Like, is there a law specifying that the new technology must be used for an MRI to be usable as a diagnostic tool?
They do. It's just that they can be renewed under various circumstances, typically as an incentive to increase production.
You need a certain amount of industrial capital geared towards making these machines and GE is the only one that really does (excepting manufacturers overseas). A big part of the problem is that we don't have a good mechanism for introducing new small businesses to the market.
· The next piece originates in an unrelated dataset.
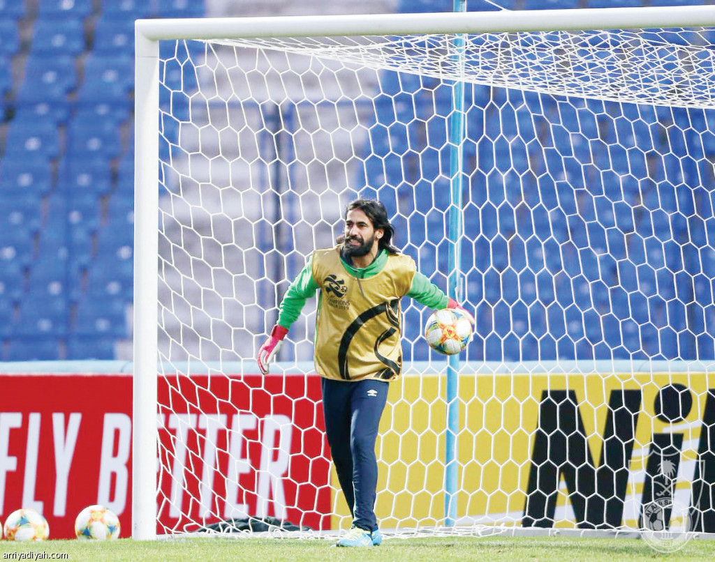 صورة التقطت أمس لحسين عبد الغني قائد فريق الأهلي الأول لكرة القدم يتحوَّل إلى حارس مرمى في تدريبات فريقه تحضيرًا للقاء باختاكور اليوم في دوري أبطال آسيا (المركز الإعلامي ـ الأهلي)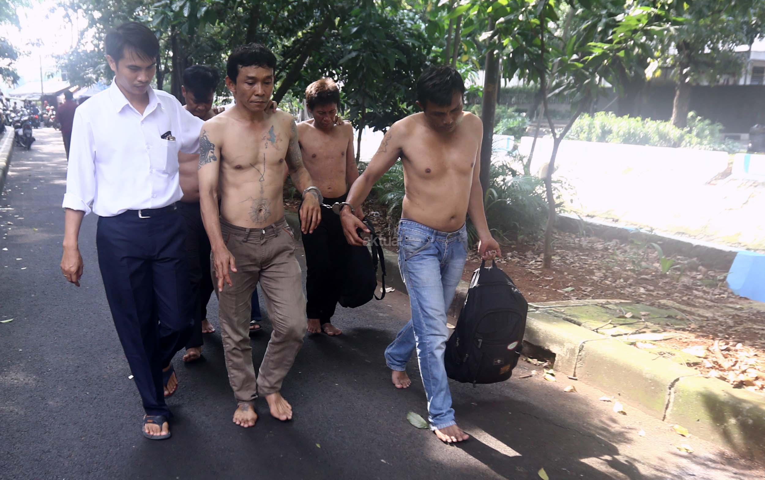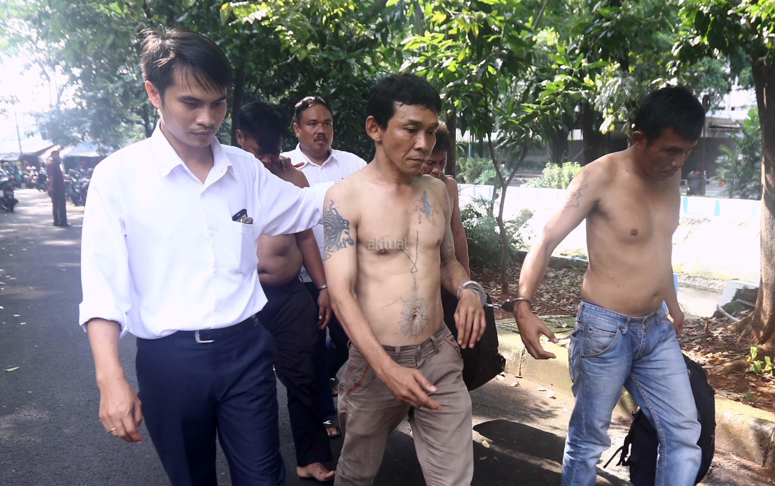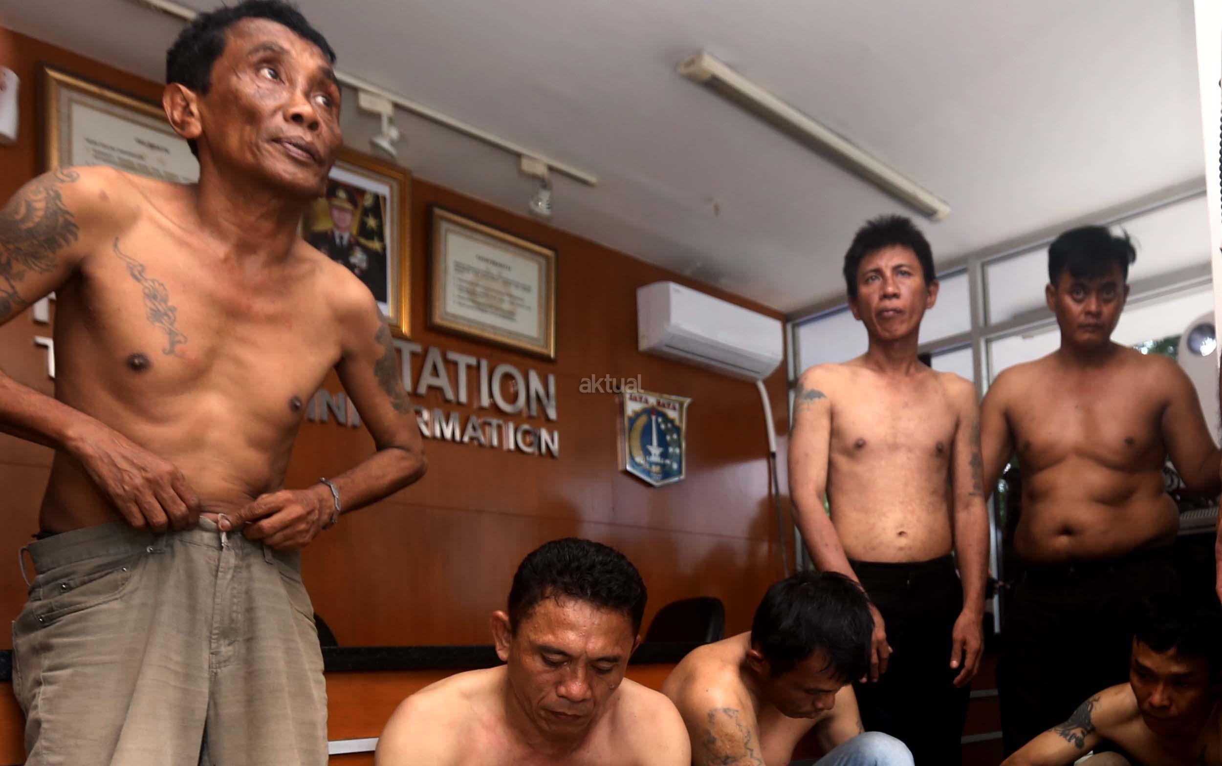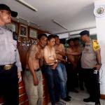 Petugas memeriksa enam tersangka pencopet jaringan Lampung saat diamankan di Bundaran HI, Jakarta, Kamis (2/3/2017). 6 Pencopet jaringan Lampung tertangkap tangan di Metromini. Aksi kelompok pencopet handphone ini berhasil digagalkan penumpang yang berteriak sampai terdengar petugas kepolisian yang sedang melakukan pengamanan kedatangan Raja Arab Saudi di Bundaran HI.

You really need to know someone that needs a steady number of MRI machines on a regular basis to make a new MRI factory worth it, and unless you have that business connection you have no buyers.
So you’d need to have a single integrated business, just to get all that information in-house.
The same company could build the machines, and sell the MRI scanning service.
Then you’d need a lot of conversations with various doctor’s offices.
But there are probably lots of places who’d rather be able to provide patients with a lower-cost, lower-quality MRI, so it should be possible to collect a number of providers saying “if such a service exists, I’ll use it”.
My guess is there’s gonna be a lot of government money available soon for people who want to build new manufacturing capability in the US
*cough* single payer fixes all this *cough*
Sorry, cough has been acting up. I should go see a doctor with a MRI about that...
I'd go one further and say a National Health System fixes all this. Rather than paying a guy to pay a guy, you just have publicly financed clinics and hospitals. This is the traditional way of building up medical infrastructure, btw. City hospitals used to be the norm. We only entered the era of corporate consolidation when we sold off our public infrastructure for a song during the neoliberal turn of the 70s and 80s.